The US, like Britain, has become addicted to rising house prices, and if house prices fall the economy turns down as consumers spend less. To keep house prices moving upwards, US financial institutions lent vast sums to poor people to buy homes. Some of this sub prime lending was laid off around the world to some British banks among others. What inevitably happened is that many of those poorer people defaulted on their mortgage payments and the banks who had lent all that money suddenly found themselves in difficulty. Northern Rock was the first bank to be engulfed by the crisis, but it may not be the last.

Whatever happens, the housing market is going to weaken and slow, which will feed into the wider economy on both sides of the Atlantic. The serious danger now is of a full blown recession in Britain. If house prices fall substantially, millions of consumers will stop borrowing against their homes, stop spending in the shops and start trying to pay off their debts. A substantial drop in consumer demand will generate rising unemployment. People losing their jobs will have substantially less money to spend so reinforcing the downward spiral into recession.
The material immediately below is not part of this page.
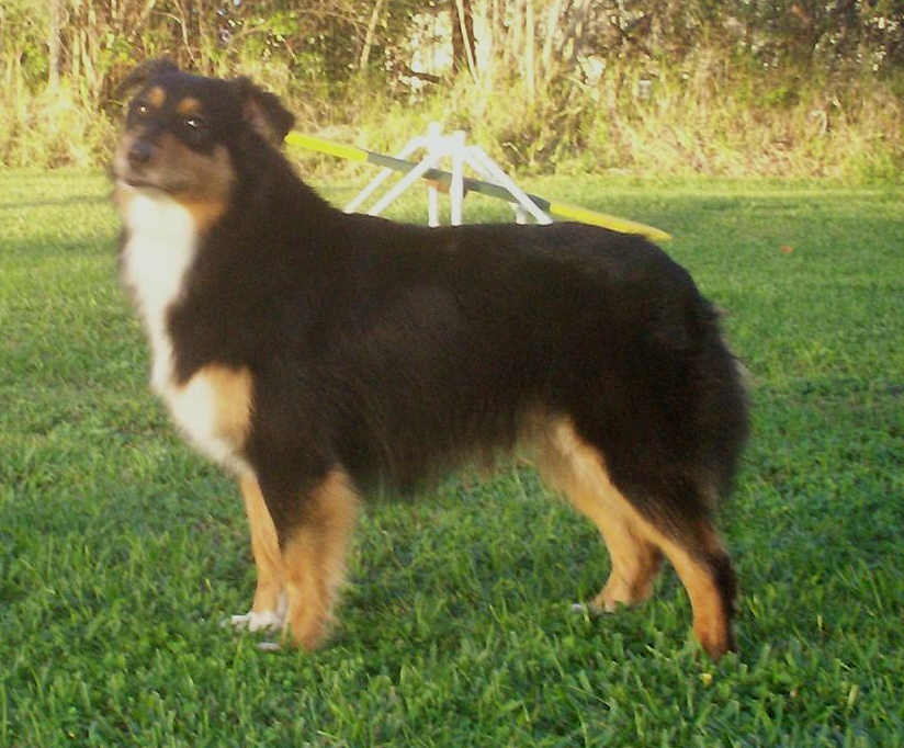 Clips is a wonderful and exciting red merle bitch. With dark rich copper and exciting personality, she really stands out! Her sire is ASCA / AKC CH. Soundtrack's Johnny Five. She has an abundance of energy and is full of Love...

To avert recession or at least to minimise the downturn, interest rates should fall, the pound should be depreciated against other currencies and public spending must be sustained. The danger is that the Treasury and the Bank of England will do the opposite of what is needed because of misplaced fears about inflation. Falling consumer demand is bound to put downward pressure on prices in the shops.

The likelihood is that the Treasury and the Bank of England will take too little action too late and that in the coming months recession could hit hard. Gordon Brown, Alistair Darling and the Governor of the Bank of England must be persuaded to change direction now or to face the likelihood of a serious recession in the lead up to the next general election. Gordon Brown's reputation for brilliant economic management – which was always spurious – will then be destroyed, leaving Labour with a desperate fight to win the next general election.

The lesson of all this is that a globalised, unfettered financial market is inherently unstable and a threat to workers everywhere. It is time to re–establish the role of government in the economy, with controls on finance, more public ownership and economic planning – more socialism in fact. A good start would be to nationalise Northern Rock.